Revealed Preference: “show me the money”(i.e. reveal to me what you think it’s worth)
o Direct prices: Travel cost method: infers individuals marginal willingness to pay
for environmental quality from where they go for recreation. E.g. How much are
you willing to pay to go to the cleaner picnic spot than the dirtier one?
o Implicit Prices: “Hedonic Models” : implicit prices are bundled with other
private goods. E.g. comparing housing prices in areas with high and low air
pollution, comparing wages in jobs with different levels of risk.
 Issue when measuring: they vary in many other ways as well.

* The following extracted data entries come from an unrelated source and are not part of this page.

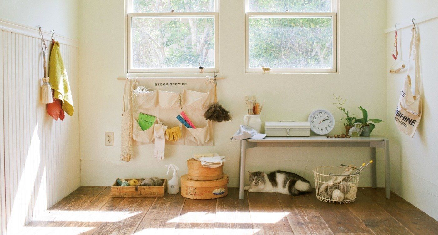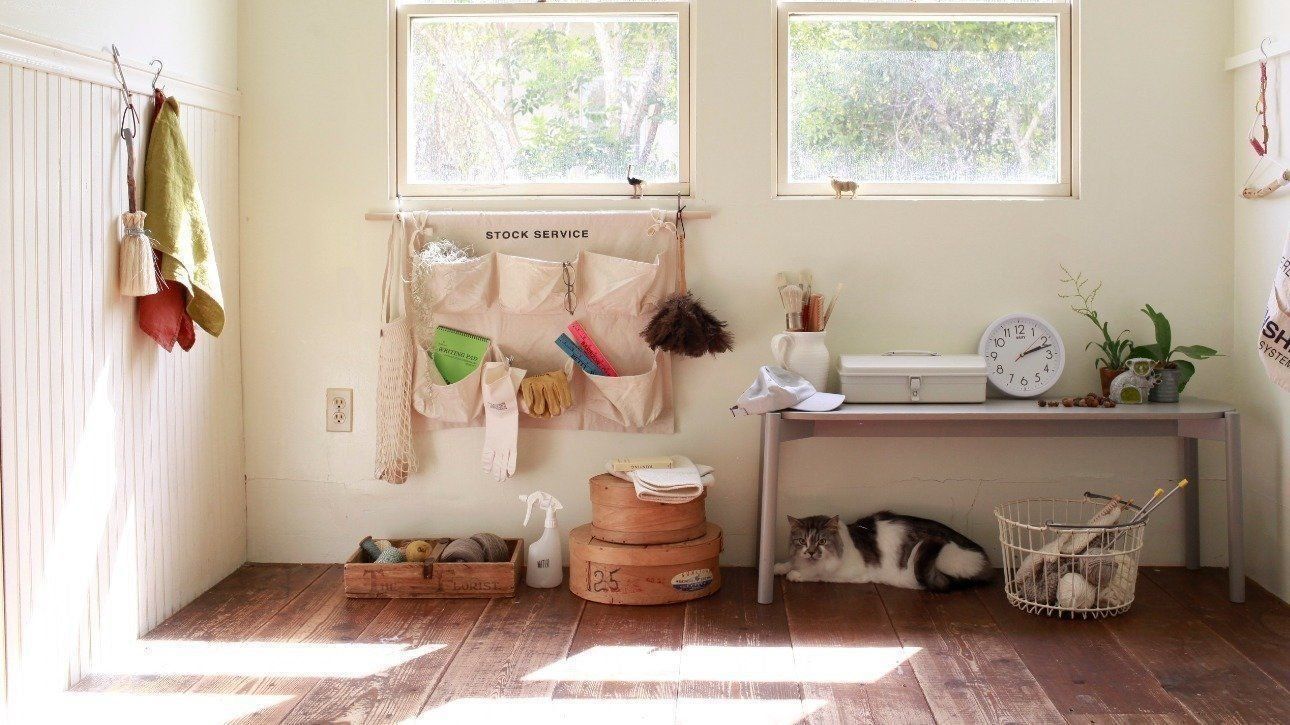 ストックサービスポケット 4800yen, 帽子 4500yen, ゴム手袋 1200yen, 右壁のエプロンバッグ 3500yen /以上ヴォイリーストア 流木のホウキ 3500yen, 流木のハンガー 5000yen /共にシボネ青山 スプレー800yen, ネットバッグ 1400yen /以上トゥデイズスペシャル自由が丘 KARIMOKU N EW STANDARD キャストールダイニングベンチ 47000yen /カリモク家具 イギリスUNITY CLOCKS の時計 2400yen, ラウンドボックス上のマルチクロス 上 800yen, 下 1000yen, 左の壁にかけたリネンクロス各 1800yen /以上ザ テイストメイカーズ & コー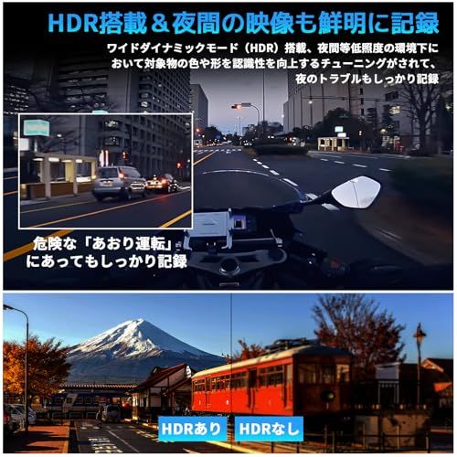 【HDR搭載&夜間の映像も鮮明に記録】ウェアラブルカメラはHDR搭載し、広いダイナミックレンジで撮影し、低照度露出効果を高めて、夜間等低照度の環境下において対象物の色や形を認識性を向上するチューニングがされて、夜の風景もトラブルもしっかり記録できます。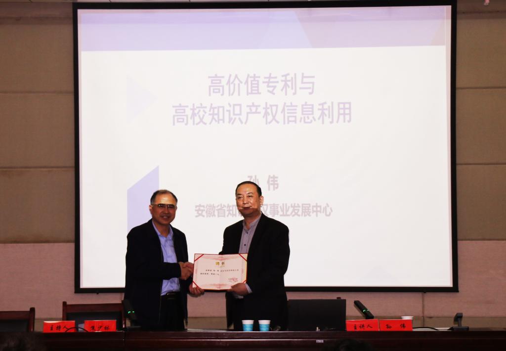 5月19日下午,安徽省知识产权事业发展中心二级调研、beat365兼职教授孙伟,受邀法治实务大讲堂作了题为“高价值专利与高校知识产权信息利用”的学术报告。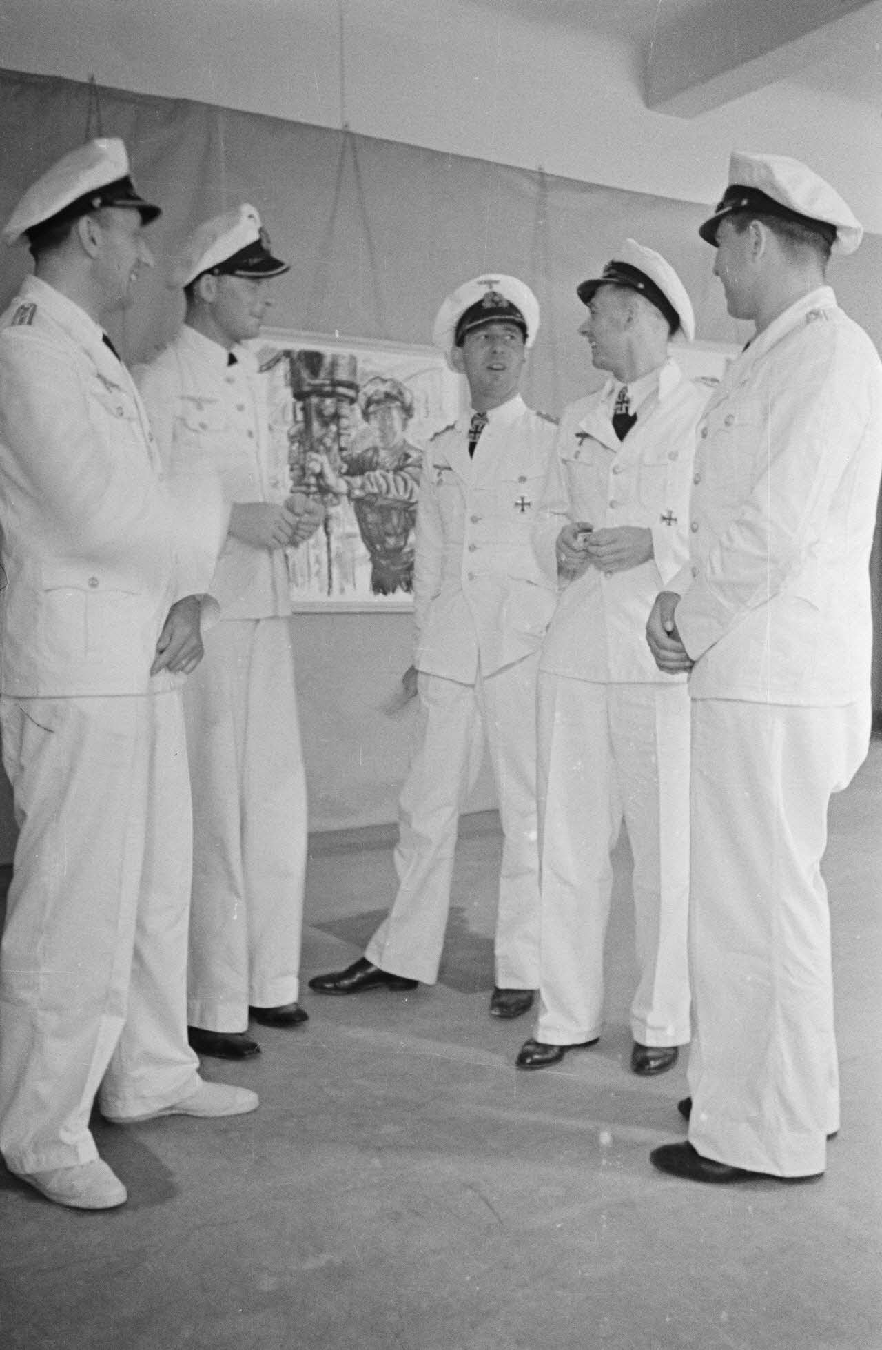 Les commandants de sous-marins Engelbert Endrass, Claus Korth, Heinrich Lehmann-Willenbrock, Erich Topp et Herbert Kuppisch visitent une exposition de dessins et de peintures.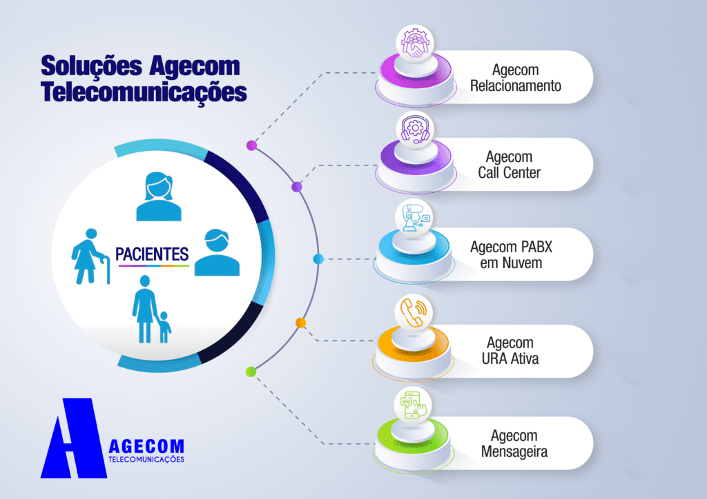 O alto índice de faltas, a dificuldade em manter contato e a demora no atendimento podem prejudicar o sucesso da sua Instituição de Saúde. Com as soluções da Agecom Telecomunicações, você transforma a gestão da comunicação e melhora a experiência dos seus pacientes!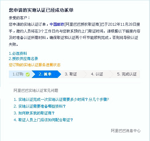 世林胶业在阿里巴巴诚信通会员历经九年了,谢谢阿里巴巴平台给世林胶业的支持.2012年11月底世林胶业进行了实地认证申请,阿里巴巴的认证效率非常之高,详情请看下图:

Ask People! Stated Preference/Contingent Valuation Method:
o Idea: Ask individuals their marginal willingness to pay to avoid/accept different
environmental scenarios, e.g. how much they’d be willing to pay to accept having
a dirtier environment/to have a cleaner environment.
 Problems:
 The phrasing of the question is important.
 Have a week incentive to tell the truth – not going to be asked to
pay (incentive to misreport) and “just another survey”.